Barry Herbert Seal (28 October 1937 – 17 September 2025) was a British Labour Party politician who served in the European Parliament.

==Life and career==
Born in Halifax, West Yorkshire on 28 October 1937, Seal was educated at Heath Grammar School, the University of Bradford, and the European Business School in Fontainebleau.
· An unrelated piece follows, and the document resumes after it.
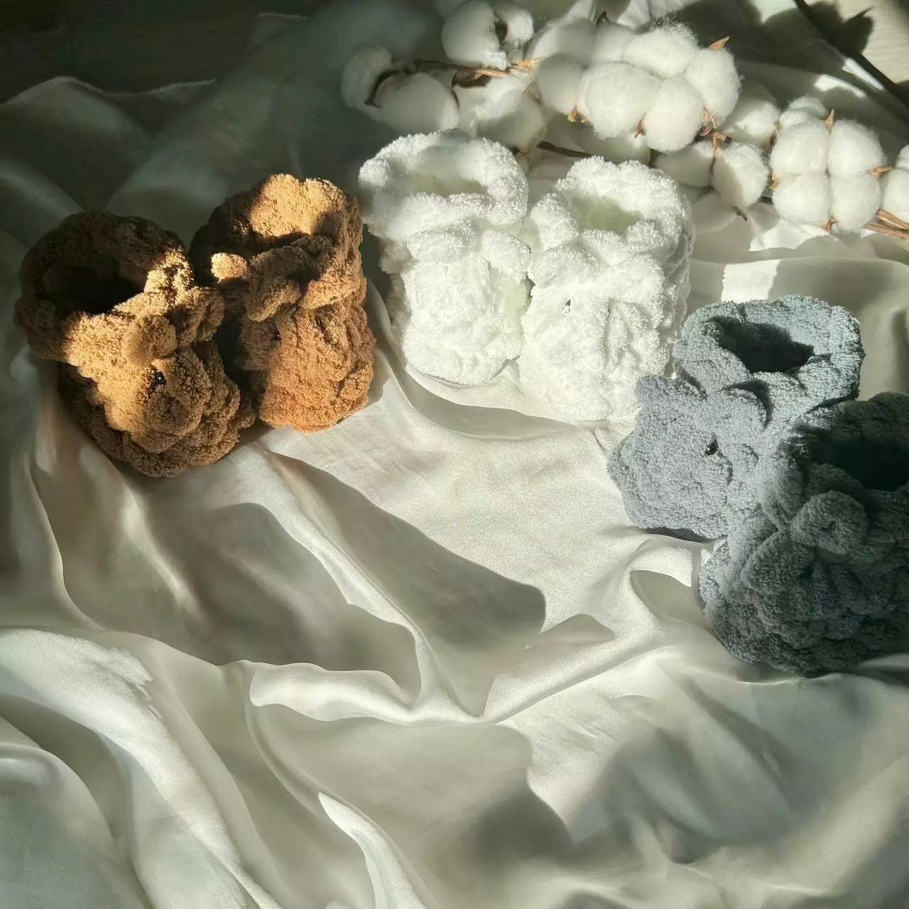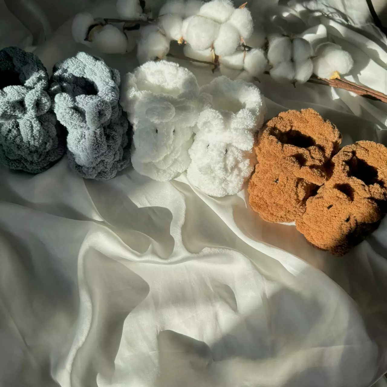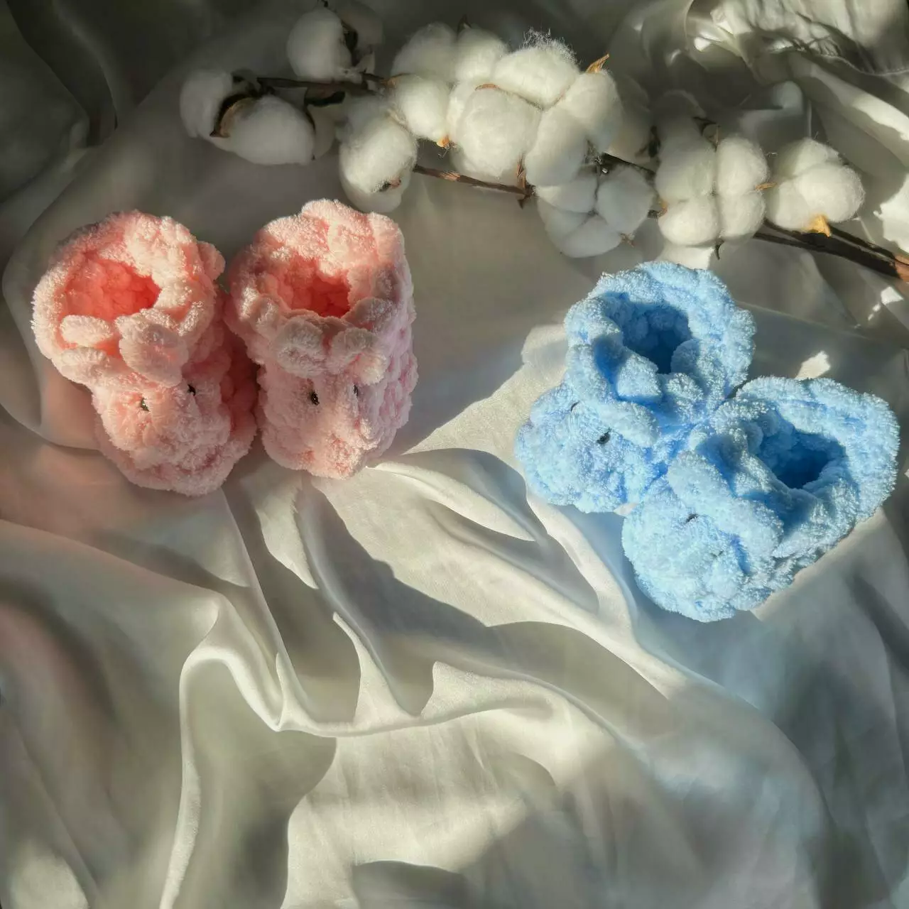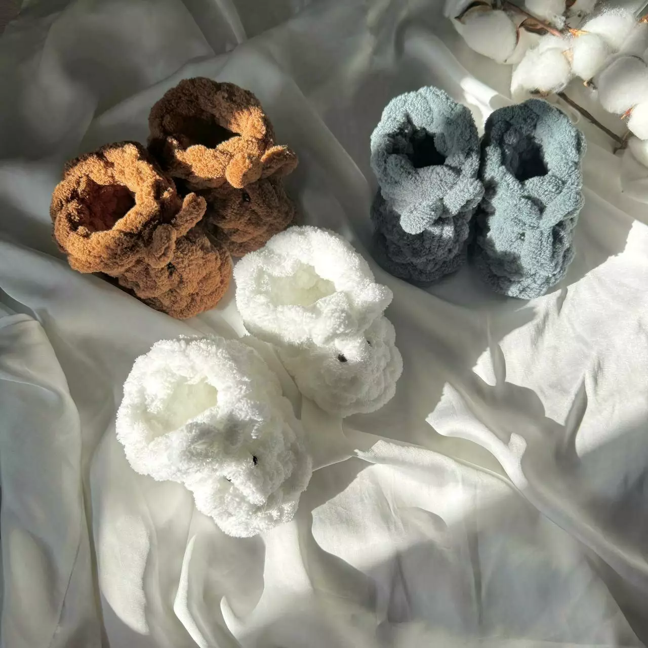Связаны вручную из пряжи Alize Puffy, которая известна своей

He worked as a chemical engineer, then as a computer consultant and lecturer.

Seal became active in the Labour Party, serving on Bradford City Council from 1971 until 1979. At the October 1974 United Kingdom general election, he unsuccessfully contested Harrogate.

He was Member of the European Parliament (MEP) for the single-member seat of Yorkshire West from 1979 to 1999. He stood unsuccessfully for election to the new multi-member seat of Yorkshire and the Humber in the 1999 European elections.

Seal served as Leader of the Labour MEPs from 1988 until 1989, and he served a term as Chair of the Economic and Monetary Committee and time as President of the Parliaments delegation to the USA. In 2002 he became Chairman of Kirklees Primary Care NHS trust and in 2007 became Chairman of Bradford District Care Trust.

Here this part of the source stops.